> Items from a dataset
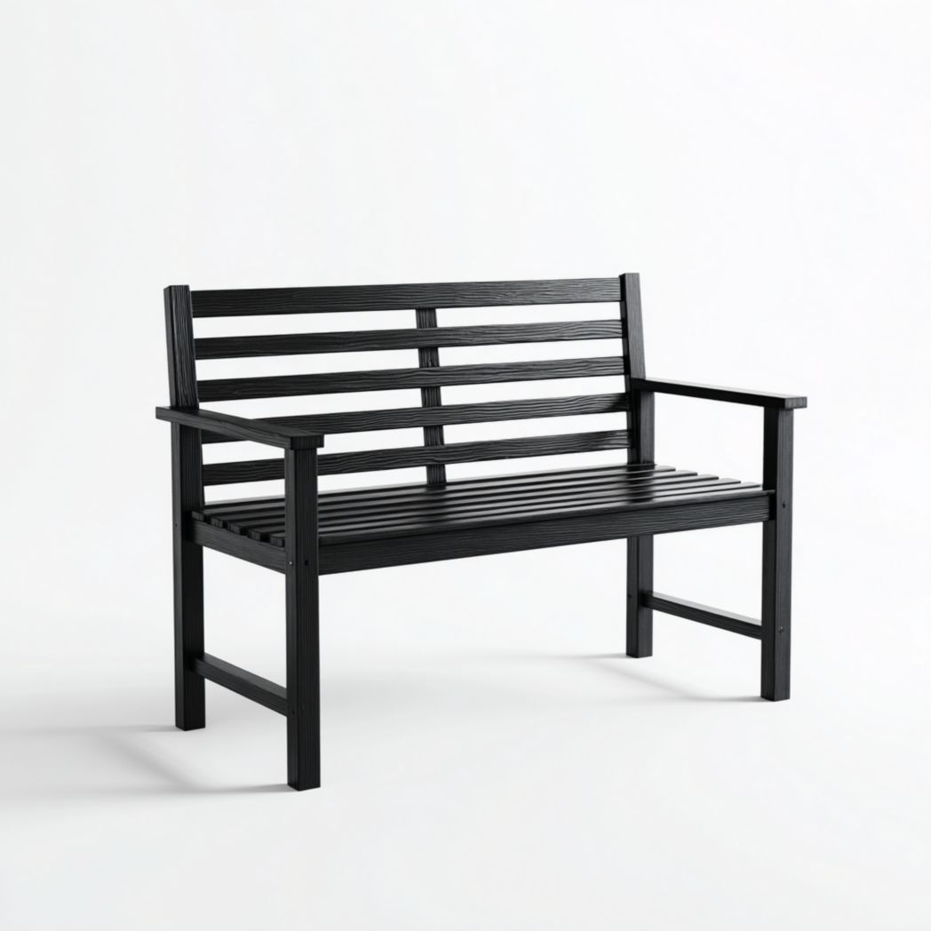 Banc de jardin à lattes en bois noir avec accoudoirs
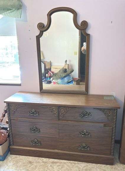 LOT 300 - Six Drawer Dresser & Mirror 31”T X 55”W X 17”D
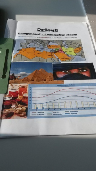 Die Klasse 7 hatte mit ihrem Projekt eine ganz besondere "Reise" vor sich. Den eigenen Kulturkreis verlassend ging es Richtung Morgenland. Eine Einführung in die geographische Lage füllte gegebenenfalls vorhandene Wissenslücken - wo wir uns hinbegeben wollen - erst einmal auf. Nun sollte jeder und jede erst einmal wissen, was heute als "Der Orient" bezeichnet wird.
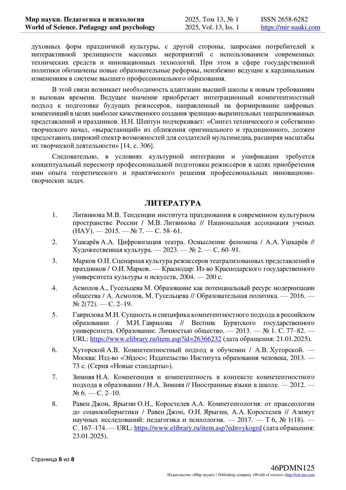 5. Гаврилова М.И. Сущность и специфика компетентностного подхода в российском образовании / М.И. Гаврилова // Вестник Бурятского государственного университета. Образование. Личностью общество. - 2013. - № 1. С. 77-82. - URL: https://www.elibrary.ru/item.asp?id=26366232 (дата обращения: 21.01.2025).
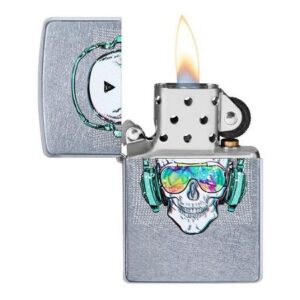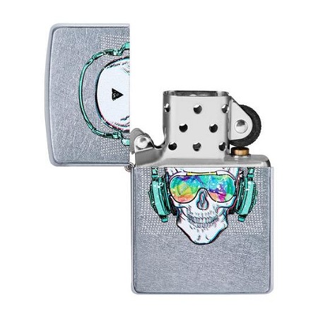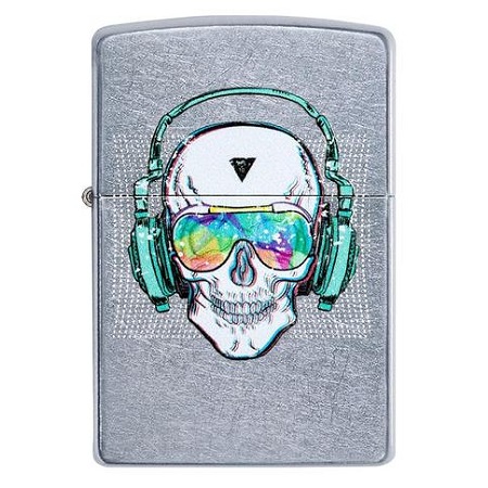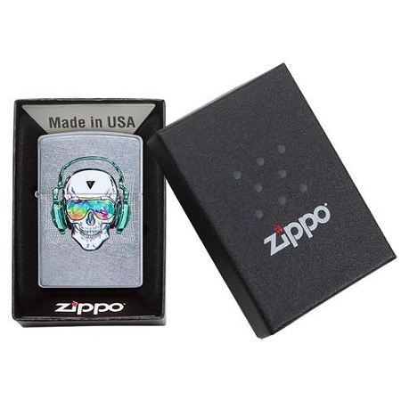 Pratite svoj sopstveni ritam i stil uz Zippo Skull Headphone Designe 29855! Ovaj Street Chrome upaljač od Zippo- a nikoga neće ostaviti ravnodušnim. Karakteristična obrada hroma dopunjena je zanimljivim prikazom lobanje sa slušalicama, i sunčanim naočarima u kojima se ogledaju sve boje.
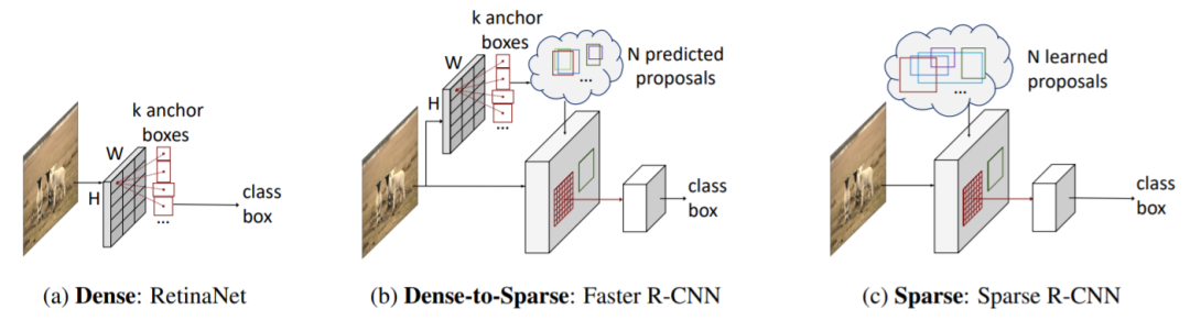 Sparse R-CNN可以看作是目标检测框架从dense到dense-to-sparse到sparse的一个方向拓展。

> What the task requires
Although the records contain pictures, transcribe only their text, exactly as written.

> Expected answer
 Banc de jardin à lattes en bois noir avec accoudoirs
 LOT 300 - Six Drawer Dresser & Mirror 31”T X 55”W X 17”D
 Die Klasse 7 hatte mit ihrem Projekt eine ganz besondere "Reise" vor sich. Den eigenen Kulturkreis verlassend ging es Richtung Morgenland. Eine Einführung in die geographische Lage füllte gegebenenfalls vorhandene Wissenslücken - wo wir uns hinbegeben wollen - erst einmal auf. Nun sollte jeder und jede erst einmal wissen, was heute als "Der Orient" bezeichnet wird.
 5. Гаврилова М.И. Сущность и специфика компетентностного подхода в российском образовании / М.И. Гаврилова // Вестник Бурятского государственного университета. Образование. Личностью общество. - 2013. - № 1. С. 77-82. - URL: https://www.elibrary.ru/item.asp?id=26366232 (дата обращения: 21.01.2025).
 Pratite svoj sopstveni ritam i stil uz Zippo Skull Headphone Designe 29855! Ovaj Street Chrome upaljač od Zippo- a nikoga neće ostaviti ravnodušnim. Karakteristična obrada hroma dopunjena je zanimljivim prikazom lobanje sa slušalicama, i sunčanim naočarima u kojima se ogledaju sve boje.
 Sparse R-CNN可以看作是目标检测框架从dense到dense-to-sparse到sparse的一个方向拓展。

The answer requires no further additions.